Comment 7 Udo Rader 2009-02-13 19:41:35 UTC 
ok, /var/log/auth.log says this:

----------CUT---------
Feb 13 20:29:05 localhost gnome-keyring-daemon[6899]: gck_ssh_agent_proto_write_public_dsa: assertion `attr' failed
----------CUT---------

Unfortunately I don't seem to be able to generate a new failing DSA key.

And as another fact, I see that the daemon only fails if it is autostarted intially like this:

/usr/bin/gnome-keyring-daemon --daemonize --login

If I manually kill it and start it manually just like this

$ gnome-keyring-daemon

everything is fine. No idea why it is automagically started with the --login option, but who knows :-)
Comment 8 Stef Walter 2009-02-18 15:33:36 UTC 
Startup of gnome-keyring-daemon is described here: 

http://live.gnome.org/GnomeKeyring/RunningDaemon

When you ran it from the command line did you set the environment variables into your environment via eval or related? 

Which exact version of gnome-keyring are you running? 
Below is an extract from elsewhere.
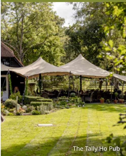
The Tally Ho Pub

With schools, a supermarket, leisure centre, community centre and open space all on your doorstep, a home at this attractive development provides the perfect balance for a better quality of life.

Does the output of 'ssh-add -l' and 'ssh-add -L' include the key in question? 

So in essence, it's that one single DSA key which doesn't work with gnome-keyring? Other newly generated keys work?
Comment 9 Stef Walter 2009-02-18 15:35:20 UTC 
Created attachment 128986 [details] [review]
Narrow down problem further.

The /var/log/auth.log output is helpful. In order to further narrow down the problem, could you run gnome-keyring-daemon with the attached patch, and add the new output of /var/log/auth.log to this bug?

Thanks for your help!
Comment 10 Akhil Laddha 2009-12-11 06:32:35 UTC 
Udo, ping, did you get time to try out patch from comment#9 ?
Comment 11 Udo Rader 2010-01-06 10:34:48 UTC 
sorry for the very late response, I simply forgot about the problem. Obviously it has just been an intermittent "development time" only issue that has gone away, so closing the bug.